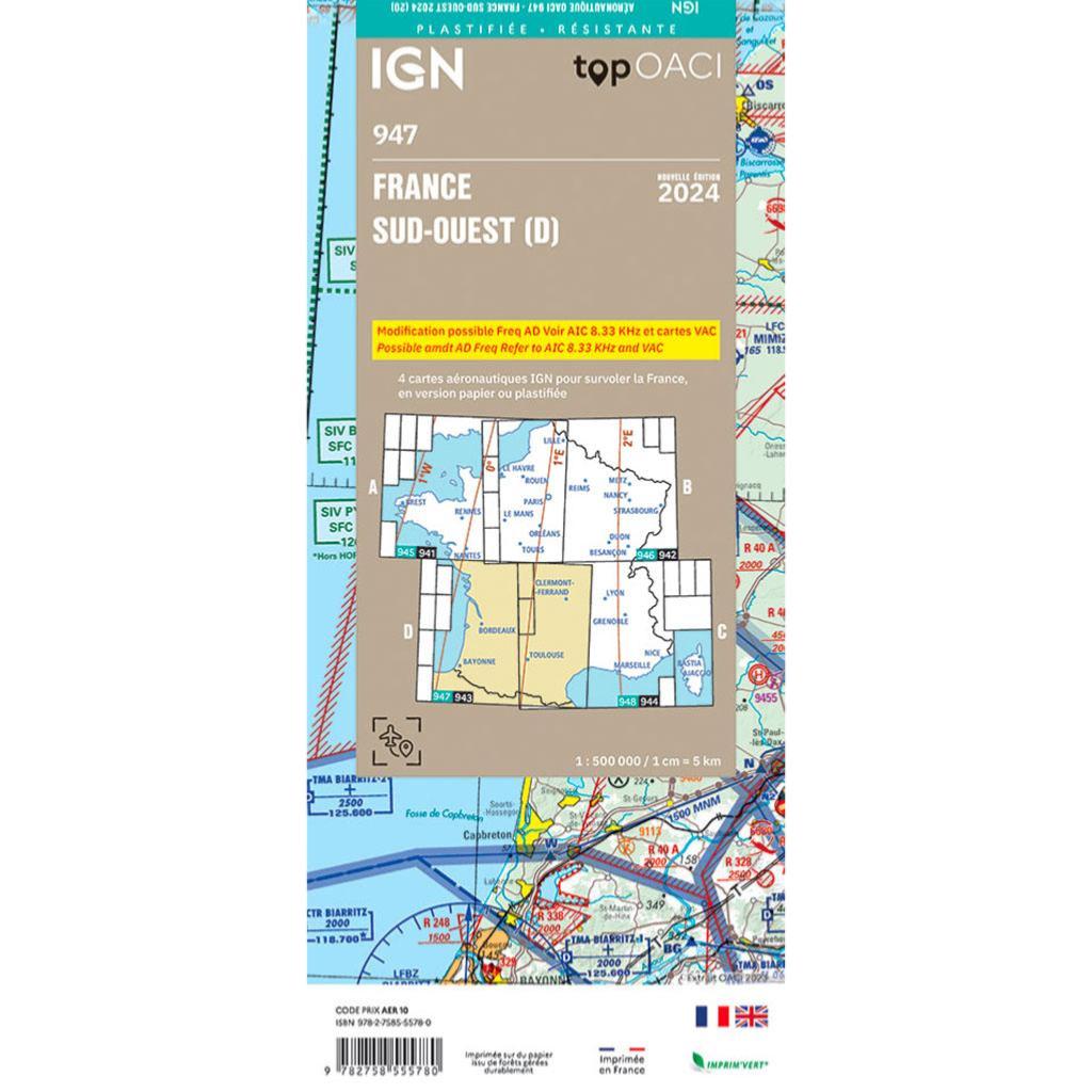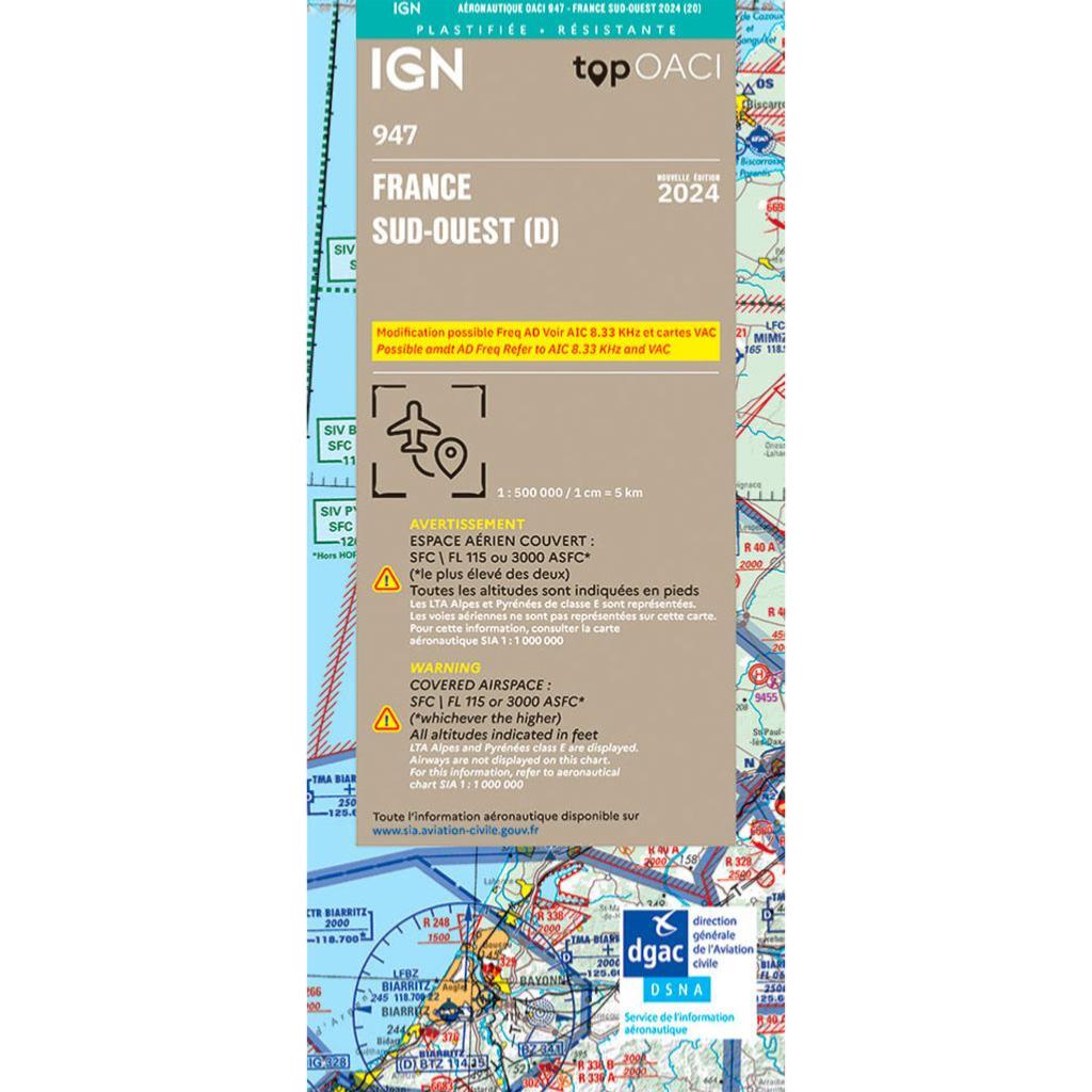Carte OACI Sud Ouest plastifiée 2024
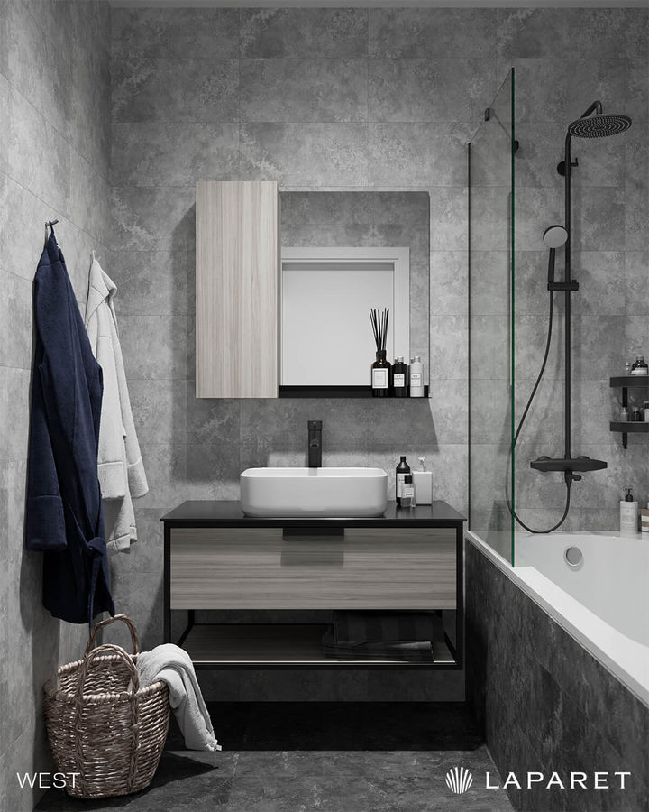 Плитка Laparet West 34084 Темно-серая Матовая Настенная плитка 25х50 см
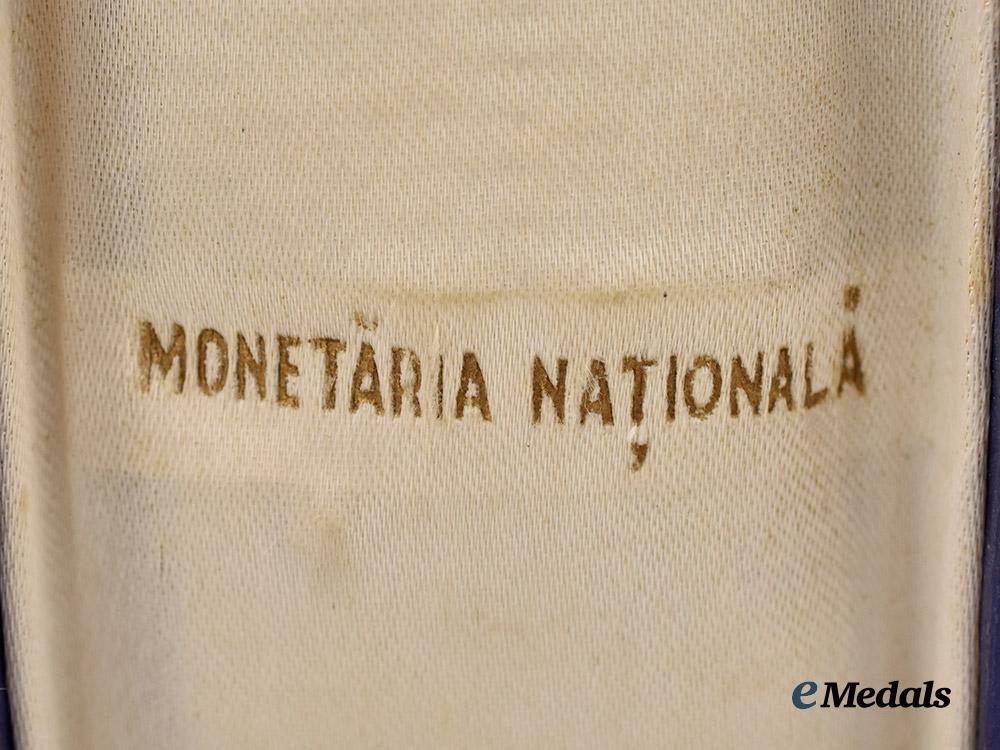 Contained in original case of issue, a dark blue leatherette case marked MI and “Coroana Romaniei Cavaler”, the interior silk lid marked MONETARIA NATIONALA, measures 60 mm (w) x 120 mm (h) x 23 mm (d), clasp functional, areas of wear, better than fine.
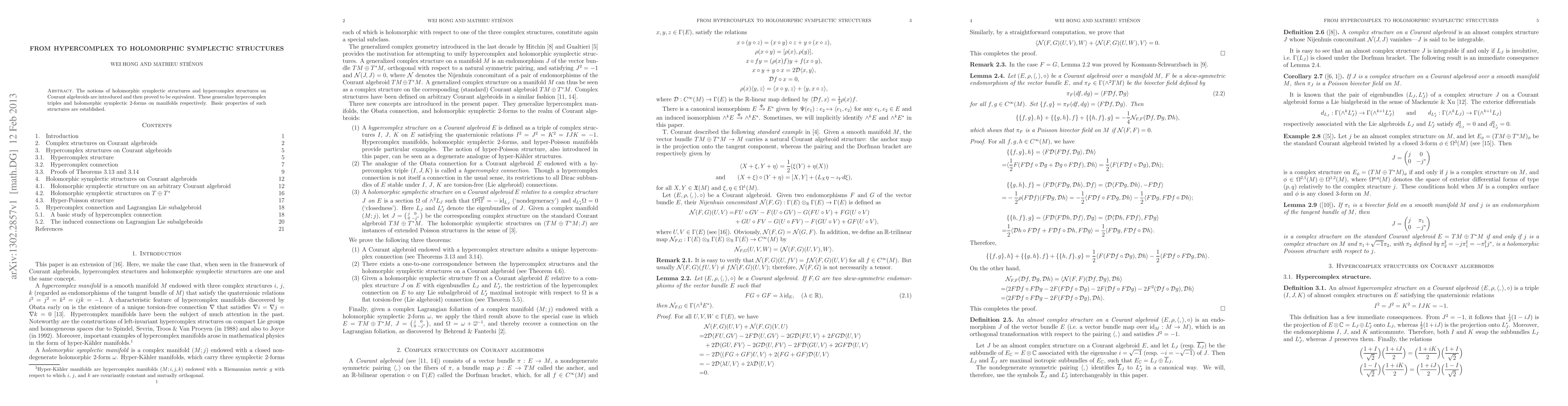 The paper establishes the equivalence between holomorphic symplectic structures and hypercomplex structures on Courant algebroids, generalizing both hypercomplex triples and holomorphic symplectic 2-forms on manifolds, and outlines their fundamental properties.
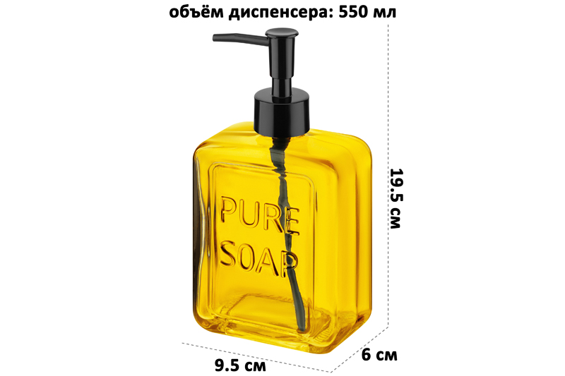 Диспенсер Elan Gallery "Жёлтый" объёмом 550 мл и размером 6х9,5х19,5 см поможет организовать чистоту и уют в вашем доме. Выполнен из стекла и украшен надписью "Pure soap" ("Чистое мыло"). Объём стеклянной бутылочки 550 мл позволит налить в неё достаточно средства, чтобы хватило для длительного использования. Дозатор диспенсера выполнен из пластика. Поскольку бутылка изготовлена из прозрачного стекла, вы можете контролировать уровень жидкости и вовремя пополнять её запас. Стильный органайзер подойдёт для использования на кухне или в ванной комнате. Налейте в него моющее средство, гель для мытья посуды или жидкое мыло. Эргономичная форма позволяет разместить флакон с дозатором на раковине или полке. В ванной можете использовать его для геля для душа или шампуня. Универсальную бутылочку с дозатором можно приспособить под антисептик. Просто поставьте её на стол, чтобы средство для дезинфекции было всегда под рукой. Ёмкость квадратной формы выполнена в стильном дизайне и подойдёт для любого интерьера. Инструкция: не применять абразивные моющие средства. Избегать регулярного прямого контакта с водой (например, не хранить в душевой кабинке или на полке возле душа). Поставляется в картонной упаковке. Настольный диспенсер — это не только практичное, но и стильное решение для организации чистоты и порядка в вашем доме.
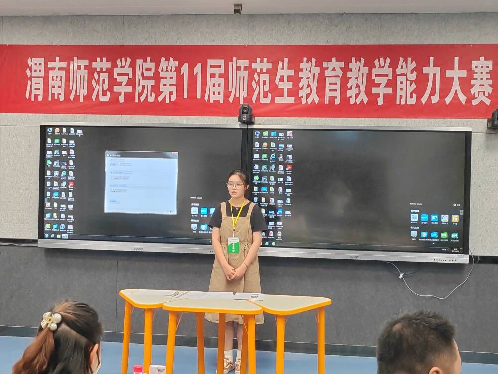 本届大赛历时一个月,分为二级学院初赛和学校决赛两个阶段,师范类专业大二、大三、大四学生参加。大赛分为文科组、理科组、艺体组三个组别,设置粉笔字书写、即兴演讲、教学设计、课件制作、说课、模拟授课、回答提问等多个环节。校级决赛由教务处主办,教育科学学院承办,三个组别共有69名同学进入决赛。决赛评委全部来自基础教育一线,在展示环节结束后,评委从教学内容设计、教学重难点把握等多方面进行了点评指导。
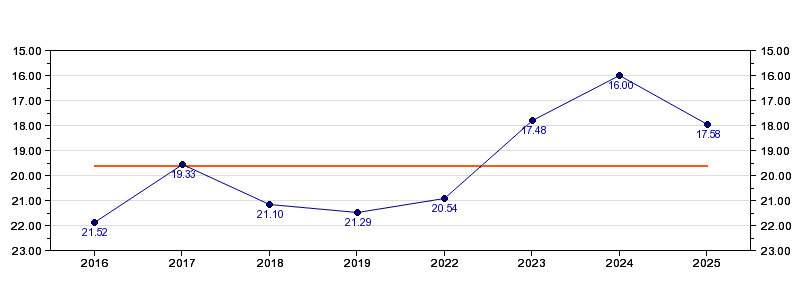 | Antall deltagelser | 8 (i perioden 2016 - 2025) |
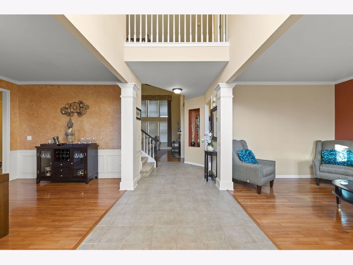 Impressive Expanded Birmingham Model in Bolingbrook's Augusta Village! So much space for entertaining! The entryway leads into a stately foyer with separate dining and sitting rooms. Floor to ceiling fireplace and large windows are focal points in the open living room which flows into the expansive kitchen. A walk-in pantry, eating area and island provide functionality in this modern kitchen adorned with dark cabinets which are complemented by marbled granite countertops, tile backsplash and stainless-steel appliances. The master bedroom is a sanctuary with trey ceilings, full bathroom, double sinks, built in vanity, soaking tub, separate shower, and walk-in closet. The beautifully finished basement provides over 1500 square feet of additional living space! Finishes include a recreation area with built in entertainment center and second fireplace, wet bar, exercise room, full bathroom, and 5th bedroom! This home also boasts a three-car garage, brick paved patio with built in firepit, and fenced in backyard. Updates include New Roof (2019), Furnace (2019), AC (2019), Hot Water Heater (2020), and Back Patio Brick Pavers (2021).
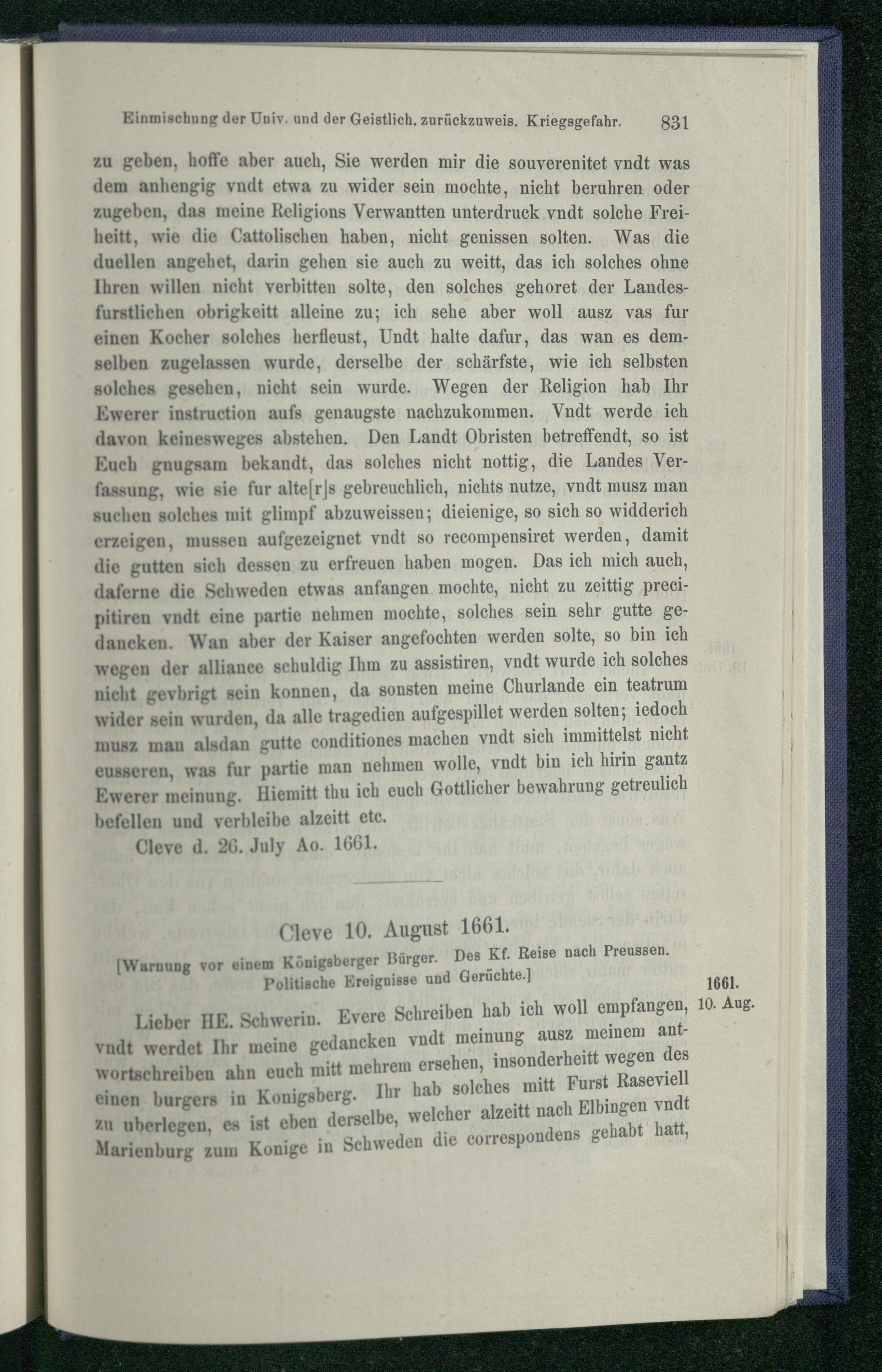 VI. Vertrauliche Briefe des Kurfürsten an Otto v. Schwerin 1661 - 1663.
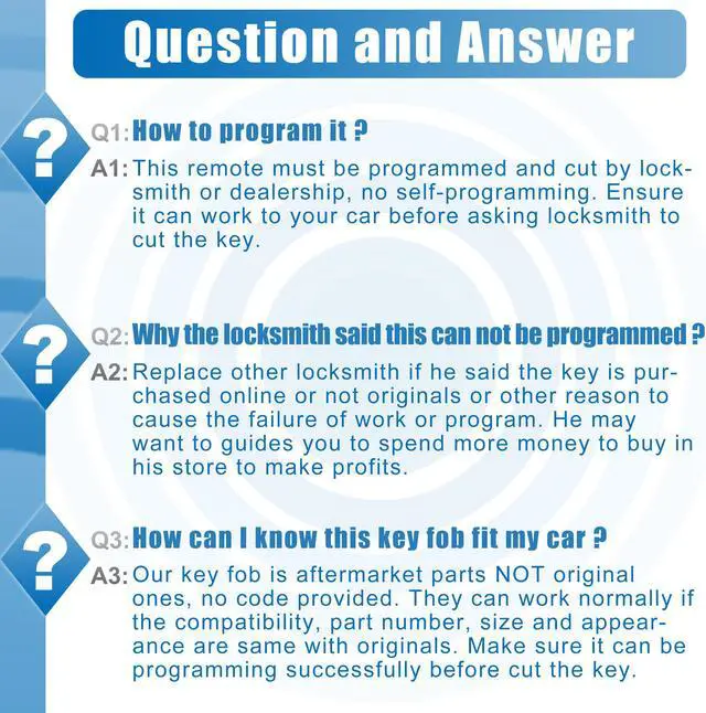 1.Please make sure the remote programming can work to your vehicle before asking locksmith to cut the key. Don't wait for him to cut the key and discover that it does not work, which may make a loss.
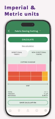 Easily switch between metric (meters) and imperial (yards/inches) units to suit your quilting needs.
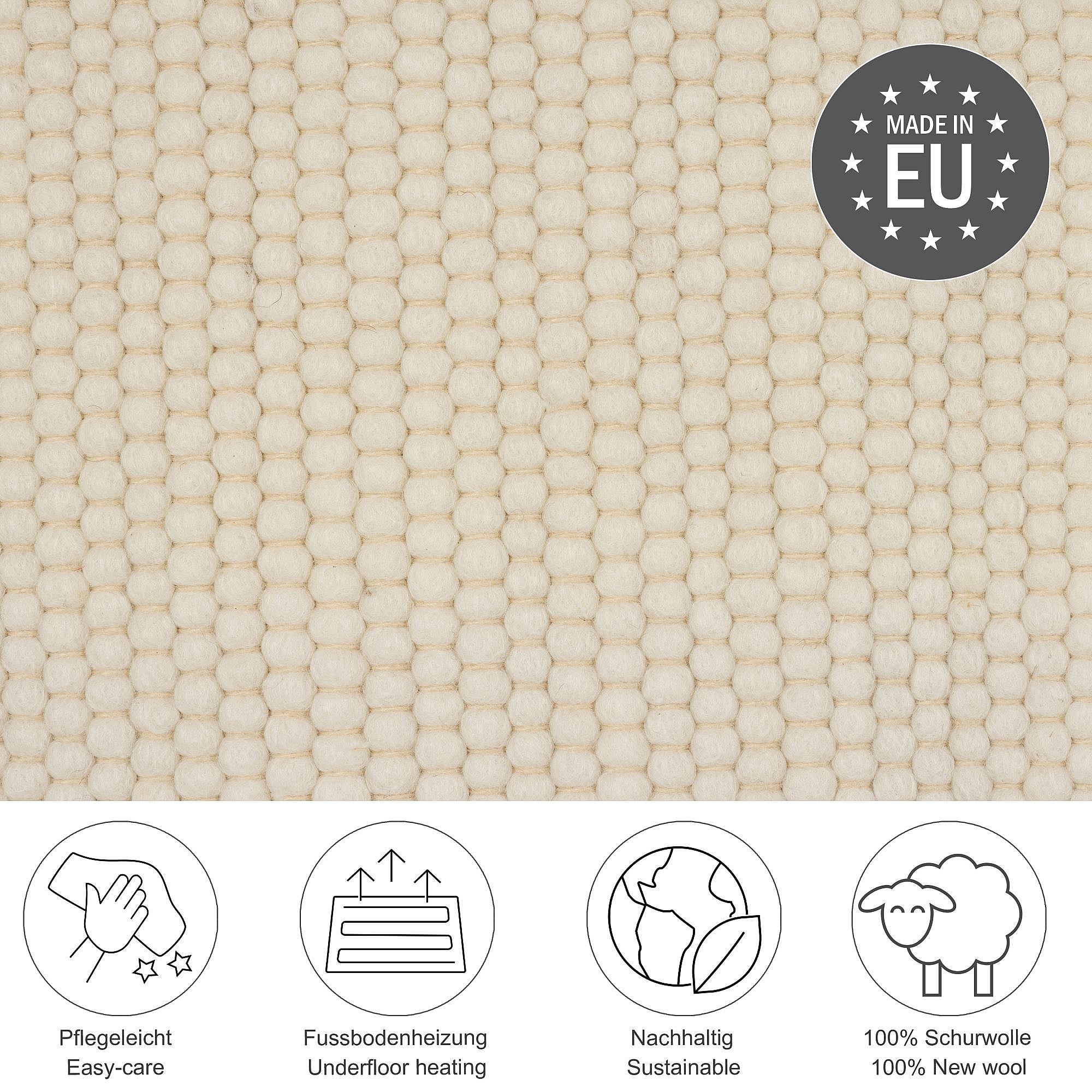 Handgeweven omkeerbaar wollen tapijt 120x180 cm natuurlijk wit Alpen

* EXERCISE DETAILS *
The output must match, line for line, the span from the line containing "VI. Vertrauliche Briefe" through the end of the data, with the pictures removed.

* WRITTEN ANSWER *
 VI. Vertrauliche Briefe des Kurfürsten an Otto v. Schwerin 1661 - 1663.
 1.Please make sure the remote programming can work to your vehicle before asking locksmith to cut the key. Don't wait for him to cut the key and discover that it does not work, which may make a loss.
 Easily switch between metric (meters) and imperial (yards/inches) units to suit your quilting needs.
 Handgeweven omkeerbaar wollen tapijt 120x180 cm natuurlijk wit Alpen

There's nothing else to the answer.